#### [REQUIRED WORK]
An exact reproduction of the lines below, from the first through the one with "八戸高校 J R C インターアクト愛好会の皆さん", is the whole answer; pictures have no place in it.

#### [RECORDS TO USE]

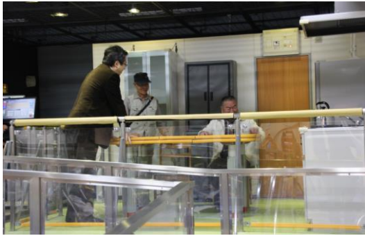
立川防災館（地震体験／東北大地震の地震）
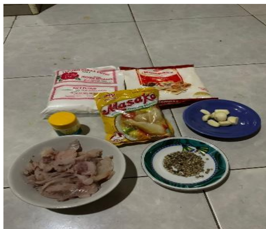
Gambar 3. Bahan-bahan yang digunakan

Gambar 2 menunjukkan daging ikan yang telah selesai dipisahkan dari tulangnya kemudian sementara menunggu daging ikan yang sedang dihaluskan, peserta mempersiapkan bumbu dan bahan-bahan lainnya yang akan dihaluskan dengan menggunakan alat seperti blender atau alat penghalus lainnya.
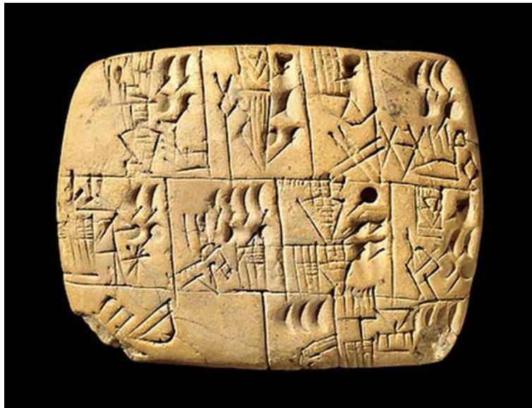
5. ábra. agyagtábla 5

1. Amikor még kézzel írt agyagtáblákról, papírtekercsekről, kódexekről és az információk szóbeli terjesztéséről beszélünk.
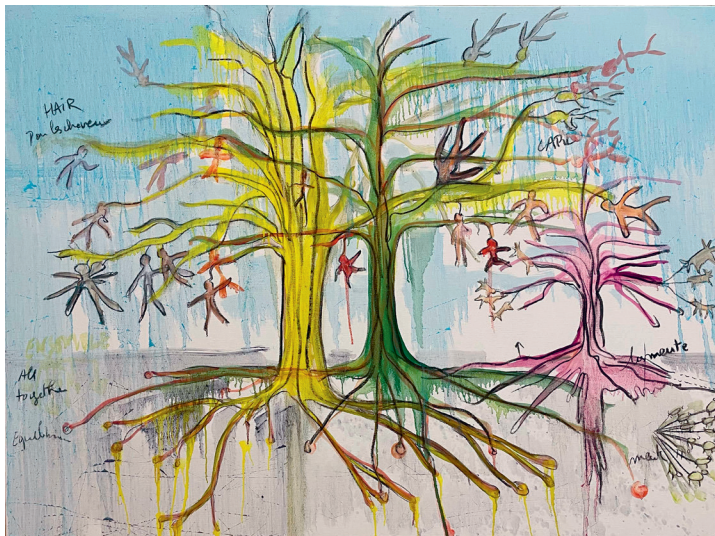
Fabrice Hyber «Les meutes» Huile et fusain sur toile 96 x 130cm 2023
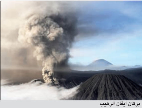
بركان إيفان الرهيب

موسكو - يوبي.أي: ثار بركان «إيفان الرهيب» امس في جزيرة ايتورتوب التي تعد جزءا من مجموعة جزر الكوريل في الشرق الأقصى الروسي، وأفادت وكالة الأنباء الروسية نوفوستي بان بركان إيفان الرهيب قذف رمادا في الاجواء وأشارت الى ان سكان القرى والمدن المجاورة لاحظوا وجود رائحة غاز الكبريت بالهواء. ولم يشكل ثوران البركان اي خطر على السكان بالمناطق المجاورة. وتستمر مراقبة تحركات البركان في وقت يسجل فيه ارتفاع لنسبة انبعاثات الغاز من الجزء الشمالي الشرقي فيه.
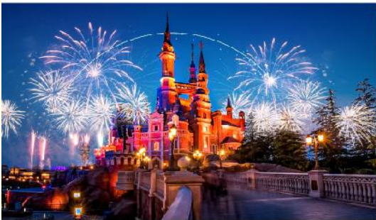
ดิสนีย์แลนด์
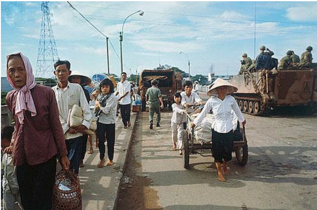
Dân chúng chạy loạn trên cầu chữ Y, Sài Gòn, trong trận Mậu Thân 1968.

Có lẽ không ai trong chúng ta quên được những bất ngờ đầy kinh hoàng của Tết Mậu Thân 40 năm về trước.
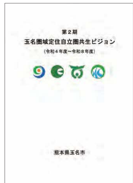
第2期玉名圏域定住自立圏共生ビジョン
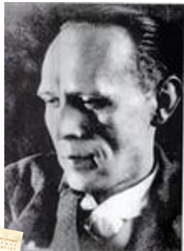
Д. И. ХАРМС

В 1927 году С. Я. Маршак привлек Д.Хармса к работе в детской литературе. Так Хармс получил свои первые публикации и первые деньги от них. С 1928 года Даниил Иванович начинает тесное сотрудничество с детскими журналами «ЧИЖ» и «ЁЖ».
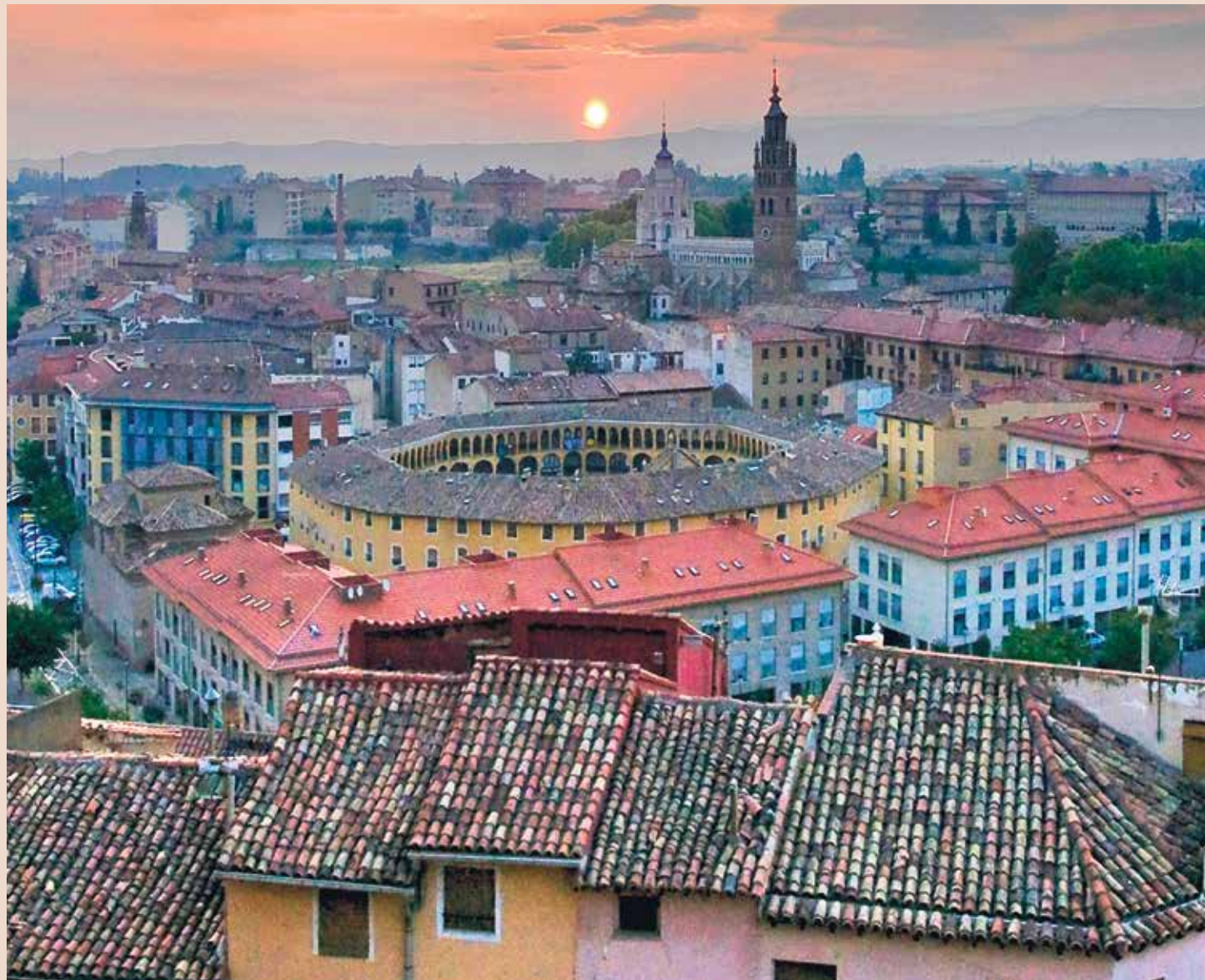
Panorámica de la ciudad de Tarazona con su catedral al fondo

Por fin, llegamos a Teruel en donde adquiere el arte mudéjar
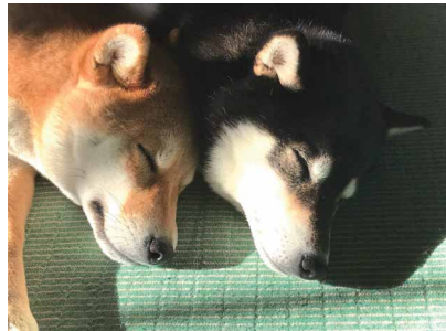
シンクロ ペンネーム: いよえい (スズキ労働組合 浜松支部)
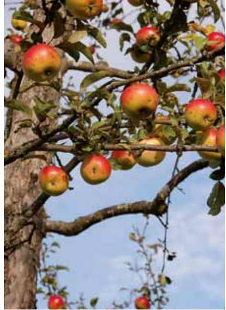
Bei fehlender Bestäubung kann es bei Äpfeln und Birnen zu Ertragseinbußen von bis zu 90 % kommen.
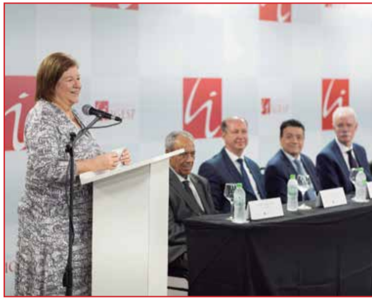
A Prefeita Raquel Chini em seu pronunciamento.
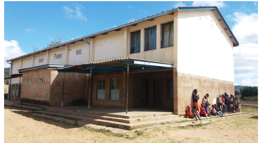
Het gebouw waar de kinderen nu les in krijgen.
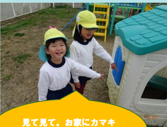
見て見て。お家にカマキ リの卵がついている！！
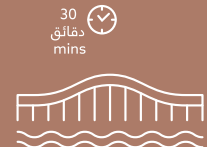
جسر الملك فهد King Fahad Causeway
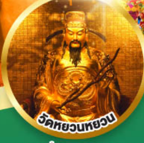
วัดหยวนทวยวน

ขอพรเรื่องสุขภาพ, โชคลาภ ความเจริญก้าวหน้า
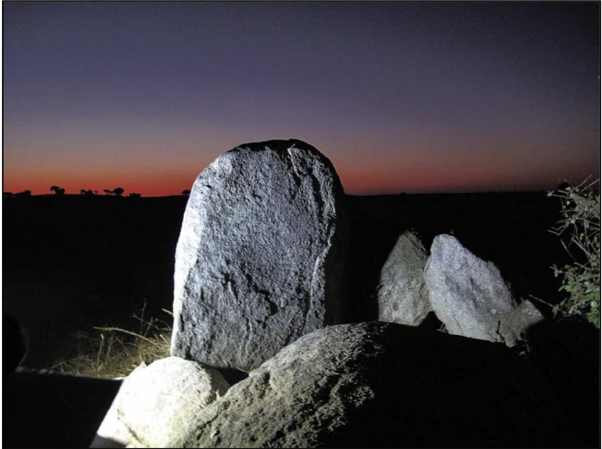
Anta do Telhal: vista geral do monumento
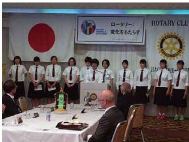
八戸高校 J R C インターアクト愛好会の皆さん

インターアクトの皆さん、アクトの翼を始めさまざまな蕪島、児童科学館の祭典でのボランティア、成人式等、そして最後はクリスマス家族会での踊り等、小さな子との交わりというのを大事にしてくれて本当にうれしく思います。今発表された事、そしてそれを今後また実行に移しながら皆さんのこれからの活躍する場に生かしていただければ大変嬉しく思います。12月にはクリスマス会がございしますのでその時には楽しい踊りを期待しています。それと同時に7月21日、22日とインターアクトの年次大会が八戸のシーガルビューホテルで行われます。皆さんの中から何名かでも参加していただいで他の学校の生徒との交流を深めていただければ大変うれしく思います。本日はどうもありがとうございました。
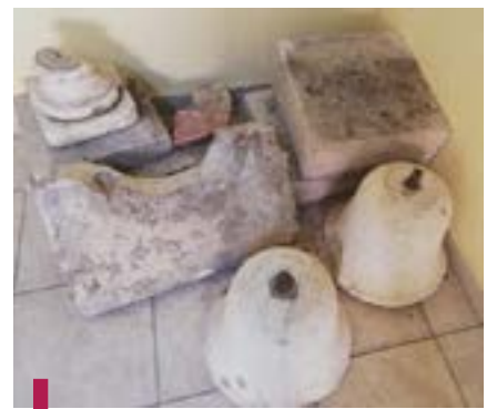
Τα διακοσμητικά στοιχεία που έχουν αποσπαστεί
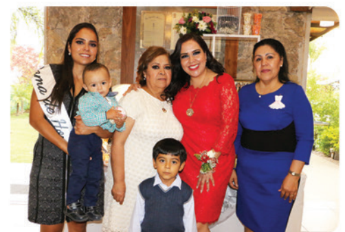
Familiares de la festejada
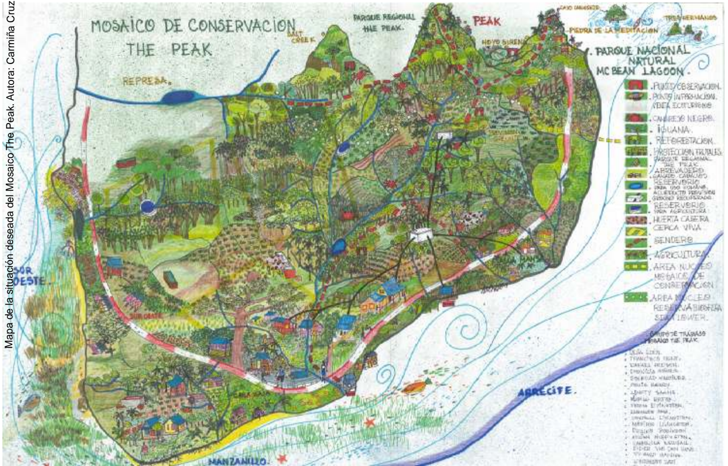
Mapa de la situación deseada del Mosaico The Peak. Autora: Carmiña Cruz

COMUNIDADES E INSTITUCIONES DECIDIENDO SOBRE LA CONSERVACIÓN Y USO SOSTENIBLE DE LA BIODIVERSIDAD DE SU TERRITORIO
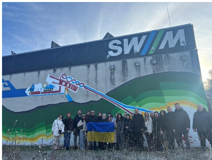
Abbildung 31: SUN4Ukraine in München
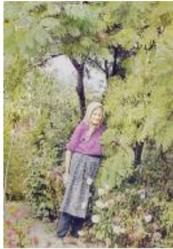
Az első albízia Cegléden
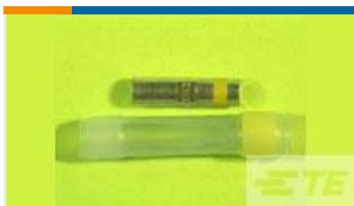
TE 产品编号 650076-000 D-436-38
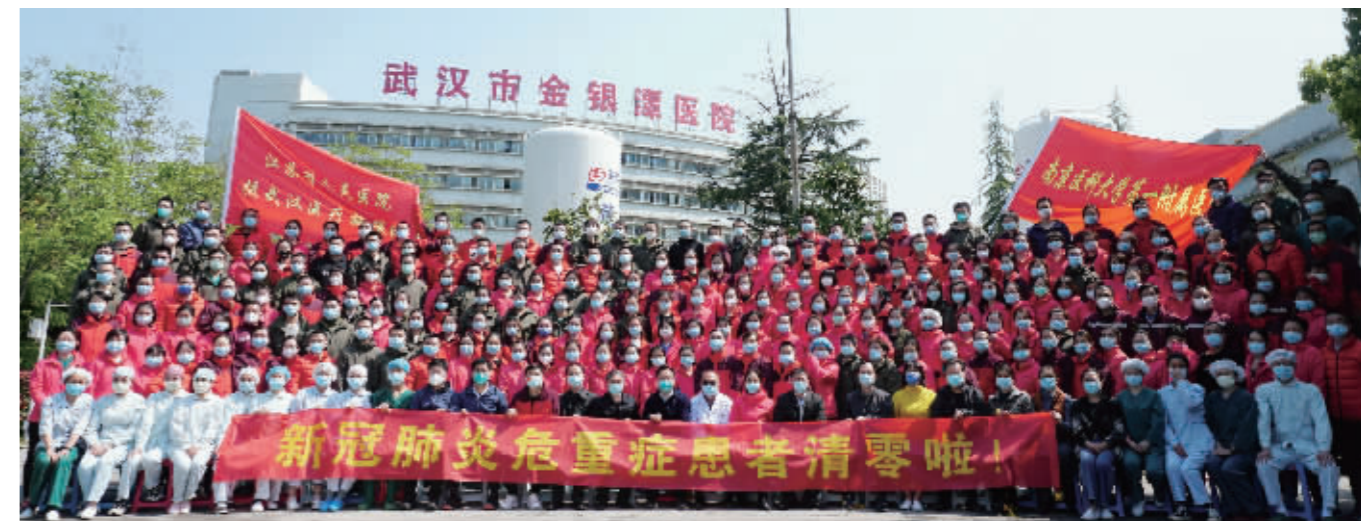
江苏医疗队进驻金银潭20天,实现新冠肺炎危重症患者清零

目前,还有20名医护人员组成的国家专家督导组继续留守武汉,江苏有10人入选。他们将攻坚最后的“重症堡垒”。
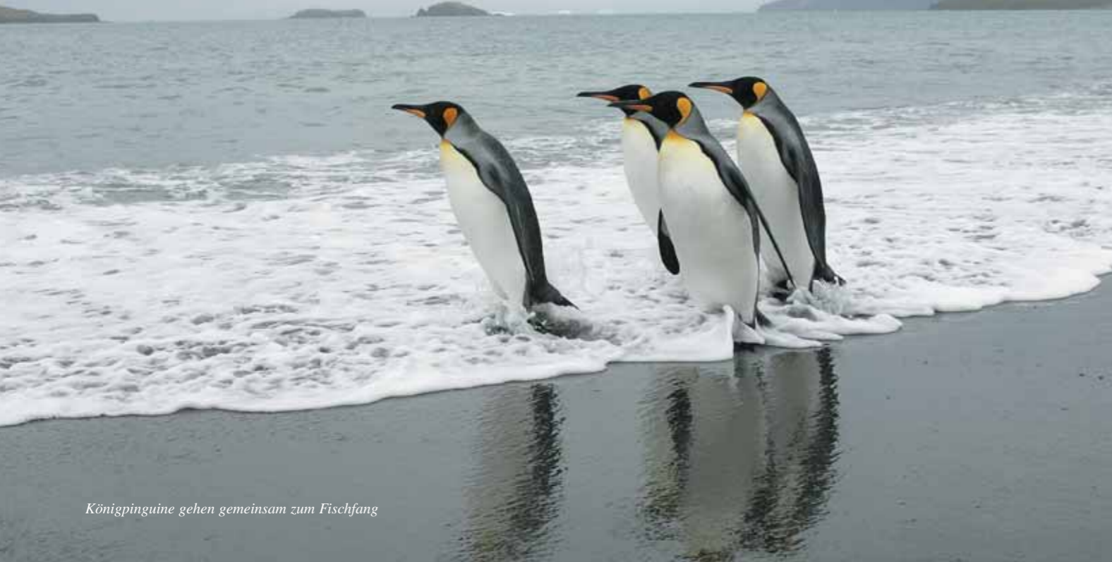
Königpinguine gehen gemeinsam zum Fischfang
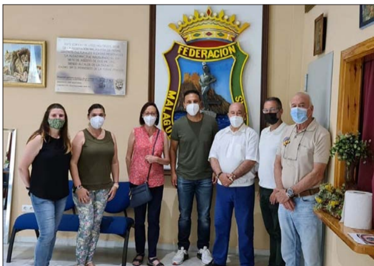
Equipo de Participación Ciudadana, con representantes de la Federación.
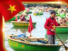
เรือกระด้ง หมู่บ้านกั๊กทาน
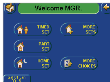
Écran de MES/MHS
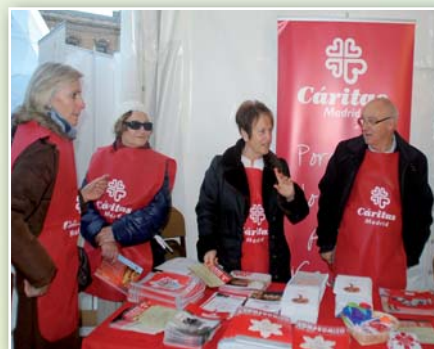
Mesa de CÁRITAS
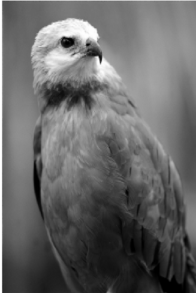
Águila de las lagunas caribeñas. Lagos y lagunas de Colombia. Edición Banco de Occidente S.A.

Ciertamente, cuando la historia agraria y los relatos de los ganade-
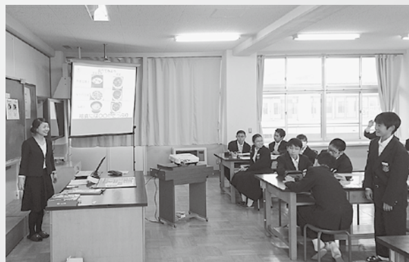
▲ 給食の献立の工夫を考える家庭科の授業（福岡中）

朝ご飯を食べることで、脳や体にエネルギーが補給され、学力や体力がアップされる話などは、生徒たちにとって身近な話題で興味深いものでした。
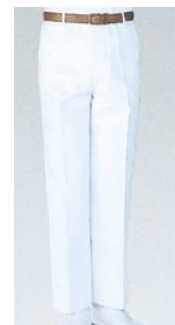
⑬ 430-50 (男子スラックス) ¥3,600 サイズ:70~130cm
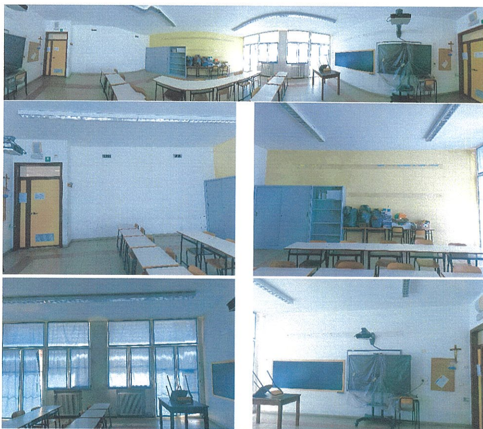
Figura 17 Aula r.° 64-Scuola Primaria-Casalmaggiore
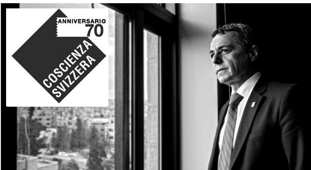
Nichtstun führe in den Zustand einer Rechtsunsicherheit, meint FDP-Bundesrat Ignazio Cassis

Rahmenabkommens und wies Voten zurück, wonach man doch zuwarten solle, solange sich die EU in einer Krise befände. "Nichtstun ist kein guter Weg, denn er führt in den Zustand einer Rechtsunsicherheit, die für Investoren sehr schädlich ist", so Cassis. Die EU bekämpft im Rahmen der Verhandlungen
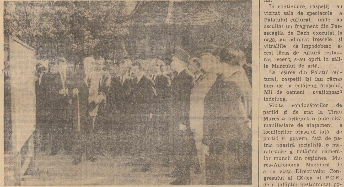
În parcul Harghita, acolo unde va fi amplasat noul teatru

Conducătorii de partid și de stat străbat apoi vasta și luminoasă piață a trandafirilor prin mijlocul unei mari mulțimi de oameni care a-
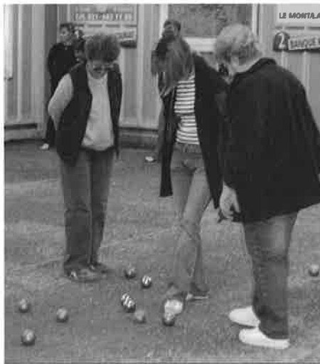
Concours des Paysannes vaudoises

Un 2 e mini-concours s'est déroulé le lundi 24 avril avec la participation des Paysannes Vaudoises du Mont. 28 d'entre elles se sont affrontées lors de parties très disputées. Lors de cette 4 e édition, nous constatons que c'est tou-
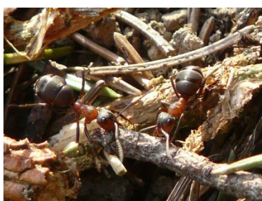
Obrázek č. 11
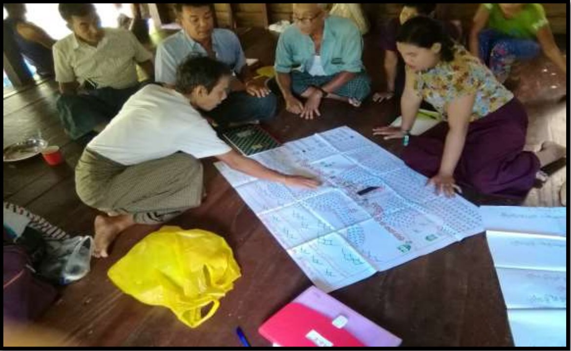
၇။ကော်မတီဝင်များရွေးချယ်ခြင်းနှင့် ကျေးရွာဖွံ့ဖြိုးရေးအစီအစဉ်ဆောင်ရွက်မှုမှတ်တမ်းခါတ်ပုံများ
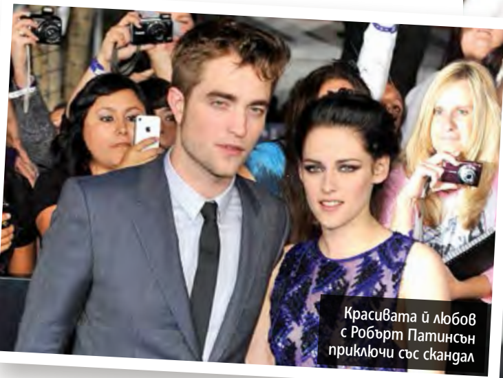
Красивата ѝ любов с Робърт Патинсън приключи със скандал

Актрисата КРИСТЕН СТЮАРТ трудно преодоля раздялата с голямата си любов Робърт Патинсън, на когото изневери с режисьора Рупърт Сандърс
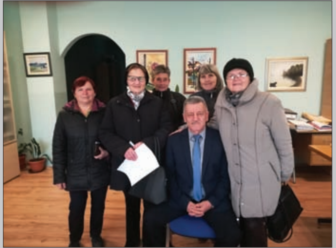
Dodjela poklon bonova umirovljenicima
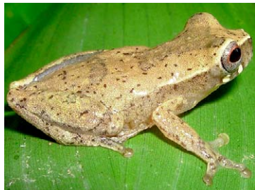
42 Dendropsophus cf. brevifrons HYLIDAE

#### [RESPONSE TO THE TASK]
立川防災館（地震体験／東北大地震の地震）
Gambar 3. Bahan-bahan yang digunakan

Gambar 2 menunjukkan daging ikan yang telah selesai dipisahkan dari tulangnya kemudian sementara menunggu daging ikan yang sedang dihaluskan, peserta mempersiapkan bumbu dan bahan-bahan lainnya yang akan dihaluskan dengan menggunakan alat seperti blender atau alat penghalus lainnya.
5. ábra. agyagtábla 5

1. Amikor még kézzel írt agyagtáblákról, papírtekercsekről, kódexekről és az információk szóbeli terjesztéséről beszélünk.
Fabrice Hyber «Les meutes» Huile et fusain sur toile 96 x 130cm 2023
بركان إيفان الرهيب

موسكو - يوبي.أي: ثار بركان «إيفان الرهيب» امس في جزيرة ايتورتوب التي تعد جزءا من مجموعة جزر الكوريل في الشرق الأقصى الروسي، وأفادت وكالة الأنباء الروسية نوفوستي بان بركان إيفان الرهيب قذف رمادا في الاجواء وأشارت الى ان سكان القرى والمدن المجاورة لاحظوا وجود رائحة غاز الكبريت بالهواء. ولم يشكل ثوران البركان اي خطر على السكان بالمناطق المجاورة. وتستمر مراقبة تحركات البركان في وقت يسجل فيه ارتفاع لنسبة انبعاثات الغاز من الجزء الشمالي الشرقي فيه.
ดิสนีย์แลนด์
Dân chúng chạy loạn trên cầu chữ Y, Sài Gòn, trong trận Mậu Thân 1968.

Có lẽ không ai trong chúng ta quên được những bất ngờ đầy kinh hoàng của Tết Mậu Thân 40 năm về trước.
第2期玉名圏域定住自立圏共生ビジョン
Д. И. ХАРМС

В 1927 году С. Я. Маршак привлек Д.Хармса к работе в детской литературе. Так Хармс получил свои первые публикации и первые деньги от них. С 1928 года Даниил Иванович начинает тесное сотрудничество с детскими журналами «ЧИЖ» и «ЁЖ».
Panorámica de la ciudad de Tarazona con su catedral al fondo

Por fin, llegamos a Teruel en donde adquiere el arte mudéjar
シンクロ ペンネーム: いよえい (スズキ労働組合 浜松支部)
Bei fehlender Bestäubung kann es bei Äpfeln und Birnen zu Ertragseinbußen von bis zu 90 % kommen.
A Prefeita Raquel Chini em seu pronunciamento.
Het gebouw waar de kinderen nu les in krijgen.
見て見て。お家にカマキ リの卵がついている！！
جسر الملك فهد King Fahad Causeway
วัดหยวนทวยวน

ขอพรเรื่องสุขภาพ, โชคลาภ ความเจริญก้าวหน้า
Anta do Telhal: vista geral do monumento
八戸高校 J R C インターアクト愛好会の皆さん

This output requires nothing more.